Problem statement:
The copy must run from the line containing "Όταν μπαίνεις, συναντάς" through the final line of the records, both included, exactly as written. It should contain no pictures.

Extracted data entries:
● ● ● ●

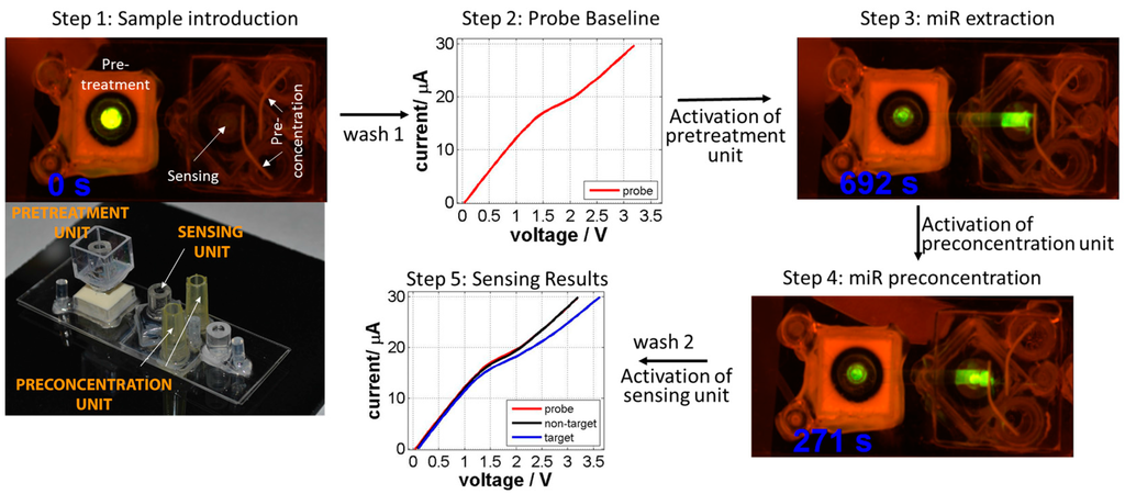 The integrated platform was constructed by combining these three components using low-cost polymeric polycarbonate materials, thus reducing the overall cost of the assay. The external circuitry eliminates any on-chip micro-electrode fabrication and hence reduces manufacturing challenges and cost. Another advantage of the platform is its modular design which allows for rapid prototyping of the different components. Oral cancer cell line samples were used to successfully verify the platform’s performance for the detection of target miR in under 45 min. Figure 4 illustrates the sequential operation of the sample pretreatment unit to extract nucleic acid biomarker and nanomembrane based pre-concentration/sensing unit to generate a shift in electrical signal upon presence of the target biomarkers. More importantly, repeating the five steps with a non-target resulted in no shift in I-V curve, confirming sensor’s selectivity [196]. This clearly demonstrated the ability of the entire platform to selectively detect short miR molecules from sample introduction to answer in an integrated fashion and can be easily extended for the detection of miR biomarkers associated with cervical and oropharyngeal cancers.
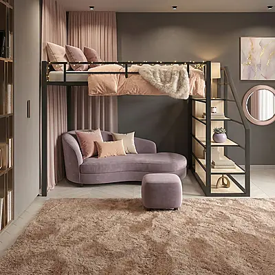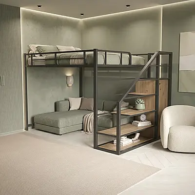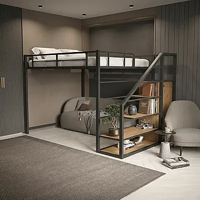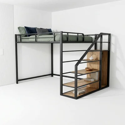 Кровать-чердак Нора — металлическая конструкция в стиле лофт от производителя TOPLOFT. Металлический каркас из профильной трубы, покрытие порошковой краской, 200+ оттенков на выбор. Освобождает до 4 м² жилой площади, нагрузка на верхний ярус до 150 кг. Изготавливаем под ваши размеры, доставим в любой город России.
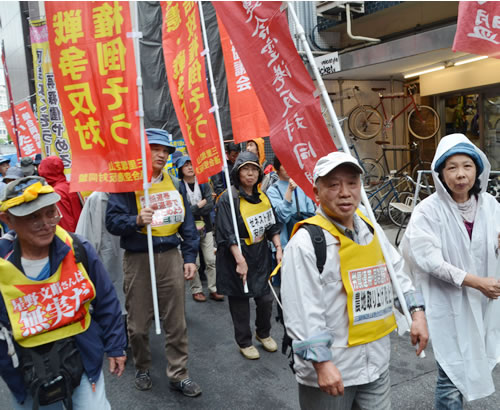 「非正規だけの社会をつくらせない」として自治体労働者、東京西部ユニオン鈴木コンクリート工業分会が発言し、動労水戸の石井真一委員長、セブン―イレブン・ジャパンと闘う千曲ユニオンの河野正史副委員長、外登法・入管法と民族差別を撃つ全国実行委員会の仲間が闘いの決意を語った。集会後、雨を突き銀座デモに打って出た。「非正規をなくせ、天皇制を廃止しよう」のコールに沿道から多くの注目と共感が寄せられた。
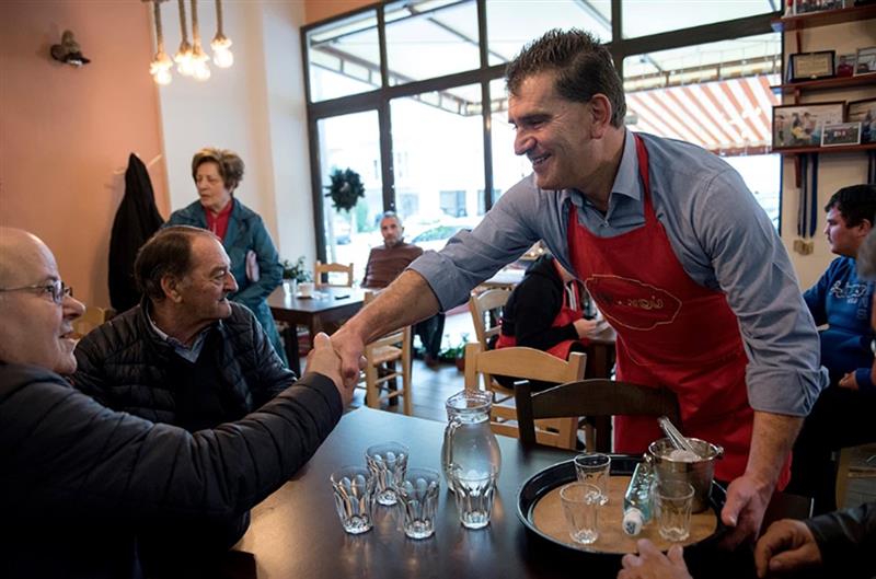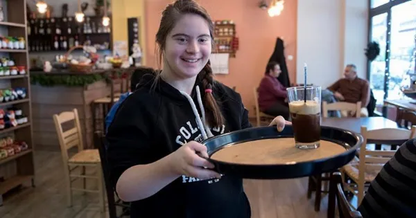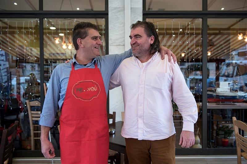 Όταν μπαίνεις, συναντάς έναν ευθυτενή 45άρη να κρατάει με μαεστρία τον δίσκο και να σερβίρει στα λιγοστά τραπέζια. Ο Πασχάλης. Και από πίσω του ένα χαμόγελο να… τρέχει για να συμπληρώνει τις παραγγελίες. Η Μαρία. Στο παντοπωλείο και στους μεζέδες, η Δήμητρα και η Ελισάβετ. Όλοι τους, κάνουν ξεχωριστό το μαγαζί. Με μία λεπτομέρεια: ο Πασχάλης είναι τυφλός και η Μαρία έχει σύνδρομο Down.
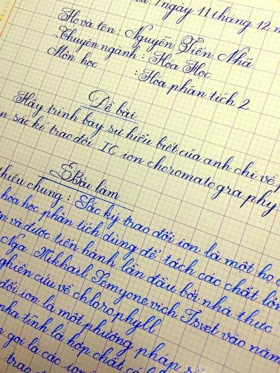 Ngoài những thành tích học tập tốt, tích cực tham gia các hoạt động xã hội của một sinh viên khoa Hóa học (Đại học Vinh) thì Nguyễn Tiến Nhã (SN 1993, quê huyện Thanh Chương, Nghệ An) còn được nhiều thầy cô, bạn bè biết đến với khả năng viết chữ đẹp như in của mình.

● ● ● ●

Exercise result:
 Όταν μπαίνεις, συναντάς έναν ευθυτενή 45άρη να κρατάει με μαεστρία τον δίσκο και να σερβίρει στα λιγοστά τραπέζια. Ο Πασχάλης. Και από πίσω του ένα χαμόγελο να… τρέχει για να συμπληρώνει τις παραγγελίες. Η Μαρία. Στο παντοπωλείο και στους μεζέδες, η Δήμητρα και η Ελισάβετ. Όλοι τους, κάνουν ξεχωριστό το μαγαζί. Με μία λεπτομέρεια: ο Πασχάλης είναι τυφλός και η Μαρία έχει σύνδρομο Down.
 Ngoài những thành tích học tập tốt, tích cực tham gia các hoạt động xã hội của một sinh viên khoa Hóa học (Đại học Vinh) thì Nguyễn Tiến Nhã (SN 1993, quê huyện Thanh Chương, Nghệ An) còn được nhiều thầy cô, bạn bè biết đến với khả năng viết chữ đẹp như in của mình.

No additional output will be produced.